In 2014, Kraft, a Delaware company, brought a patent infringement action in the district of Delaware against an Indiana company, TC Heartland. Defendant moved to dismiss for lack of personal jurisdiction and also improper venue. In support, TC Heartland argued that it had no established business in the district, because it was not registered to do business in Delaware, had no local presence in Delaware, had not entered into any supply contracts, and had not called on accounts to solicit sales in Delaware. But, defendant admitted to having shipped products into Delaware pursuant to contracts with national accounts.
The Delaware court denied the motion, ruling that sales into Delaware were sufficient for venue under the general venue statute, 28 U.S.C. § 1391(c). That statute provides that a corporation “shall be deemed to reside, if a defendant, in any judicial district in which such defendant is subject to the court’s personal jurisdiction with respect to the civil action in question.” Many courts, including Delaware courts, find personal jurisdiction if a defendant has made sales, especially sales of the accused product, into that district.
On appeal, the US Court of Appeals for the Federal Circuit affirmed, holding that the definition of residency in Section 1391(c) governed where the alleged infringer “resides,” which includes “any judicial district in which such defendant is subject to the court’s personal jurisdiction with respect to the civil action in question.” Thus, because TC Heartland had sufficient contacts with Delaware through its sales, venue was proper in Delaware.
Central to those lower court rulings were a 1957 Supreme Court decision and amendments to the general venue statute. In Fourco Glass Co. v. Transmirra Prod. Corp., 353 U.S. 222 (1957), the Supreme Court ruled that patent infringement actions may only “be brought in the judicial district where the defendant resides,” and that “resides” means state of incorporation. But, in 1988, Congress revised the definition of “reside” in Section 1391 to allow for venue wherever personal jurisdiction could be established over a defendant.
Then, in 1990, the Federal Circuit decided VE Holding Corp. v. Johnson Gas Appliance Co., 917 F.2d 1574 (1990), which ruled that Section 1391(c) applied “on its face” to Section 1400(b). As a result, before the Supreme Court decided TC Heartland, courts found venue to exist pursuant to 28 U.S.C. § 1391(c): “in any judicial district in which such defendant is subject to the court’s personal jurisdiction with respect to the civil action in question.”
The Current Supreme Court Decision
The US Supreme Court granted TC Heartland’s petition for certiorari to answer whether the definition of “residency” in the general venue statute, 28 U.S.C. § 1391(c), should be applied to the term “resides” in the patent venue statute, 28 U.S.C. § 1400(b). In plain English, is a defendant considered to be a resident anywhere it is subject to personal jurisdiction?

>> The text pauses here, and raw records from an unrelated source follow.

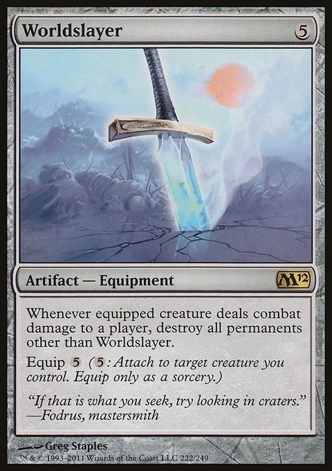 Whenever equipped creature deals combat damage to a player, destroy all permanents other than Worldslayer. Equip {5} ({5}: Attach to target creature you control. Equip only as a sorcery.)
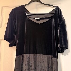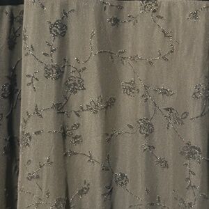 This is a like new "Formal Fashion Inc" stretch velvet and flocked chiffon roses skirt. Empire waist with velvet ribbon that. ties in the back. Pullover dress and extremely comfortable. It is made by formal fashions Inc and sell on their website right now for $85. It is a size 30. Their sizing runs to their own brand...so I have included a sizing chart. It is specked for 54" bust up to 52" waist and 58" hips. It is probably equivelant to a 4/5X. There is a lot of stretch. It has a long flowy bottom....so if you are shorter than 5'6" I wouldnt purchase...as even with heels it will probably be too long. It is a beautiful gown in fantastic condition. #formalfashionsgown #4xgown #velvetformalgown #empirewaistgown
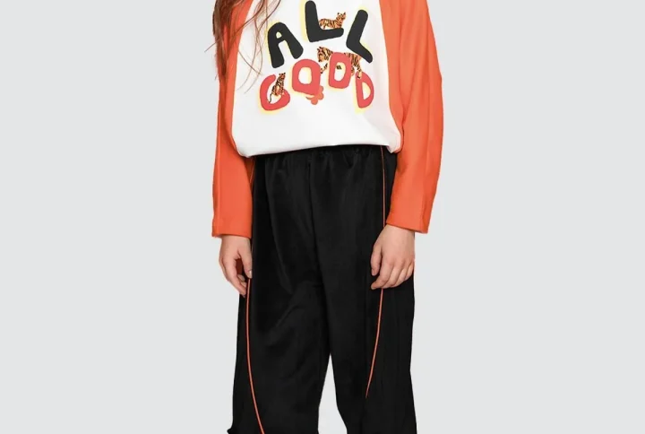 Model 144 cm boyundadır ve 9-10 yaş beden giymektedir.
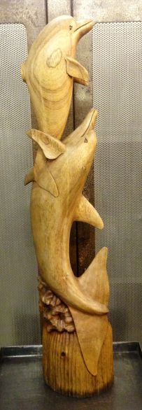 Carved wooden dolphins standing a metre tall, a lovely focal point for any room.
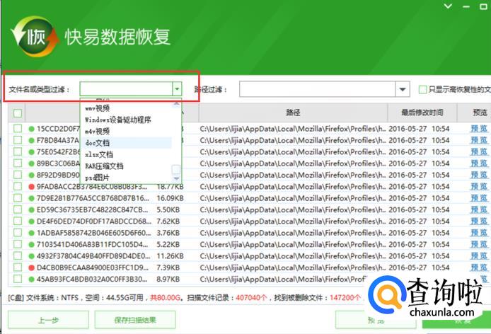 扫描完成后会出现所有被删除的东西,为了减少筛选范围,可以选择误删文件的格式。
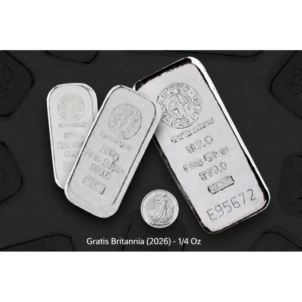 Juego de plata (1 KG + 500g + 250g Argor Heraeus) + monedas de plata Britannia de 1/4 Oz gratis
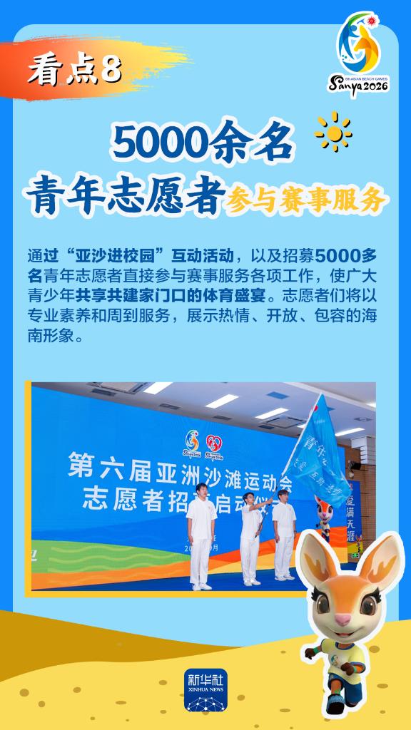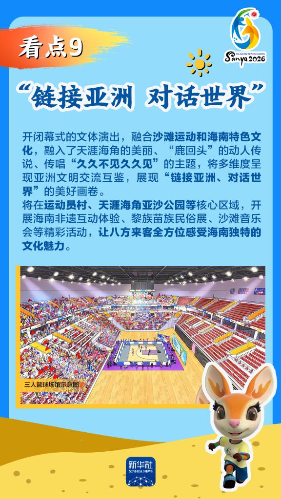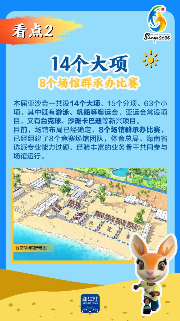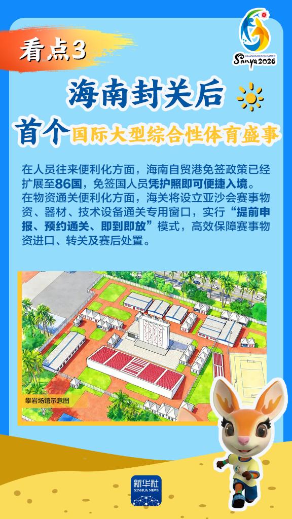 第六屆亞洲沙灘運(yùn)動(dòng)會(huì)(以下簡(jiǎn)稱“亞沙會(huì)”)將于2026年4月22日至30日在海南三亞舉行,賽事歷時(shí)9天。作為海南自由貿(mào)易港封關(guān)運(yùn)作后迎來的首個(gè)國(guó)際大型綜合性體育盛事,亞沙會(huì)都有哪些看點(diǎn)?為何值得期待?國(guó)新辦12日發(fā)布會(huì)做了詳細(xì)介紹,一起來看。
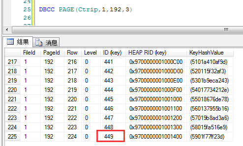 下面我要做的事情就是插入一个ID在1-449范围的一条记录,这样的话就会造成数据页分裂了,对不对。
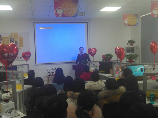 1月2日下午,京东校园实训中心在教学楼中心实训室召开年终总结表彰会。商务系主任尹顺丽、教务处副处长马书群、商务系副主任崔磊磊,京东集团驻我校项目负责人何山、培训师刘帅和班主任代表出席会议,京东班全体实训学生参加。
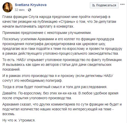 "Поскольку усилиями Арахамии и его коллег по фракции процедура прохождения полиграфа дискредитирована как цирковое шоу, предлагаю все-таки подойти к теме по-взрослому и провести процедуру в рамках действующего уголовно-процессуального законодательства", - написала Крюкова в Facebook.

In an 8-0 decision, the Supreme Court answered in the negative and reversed the Federal Circuit. Applying Fourco, in which the Supreme Court “definitively and unambiguously held that” residence in Section 1400(b) has a particular meaning, the Court found no indication of Congressional intent to modify Section 1400(b) to the contrary. Therefore, the Court held, the term “reside” for a domestic company refers only to the state of incorporation.
The Supreme Court’s decision shifts focus back to Section 1400(b) for venue analysis. Although the TC Heartland decision focused on where a defendant “resides,” the statute also allows patent holders to file suit “where the defendant has committed acts of infringement and has a regular and established place of business.” As a result, patent holders are likely to focus on that latter statutory provision in an attempt to avoid filing suit in a defendant’s state of incorporation, if advantageous.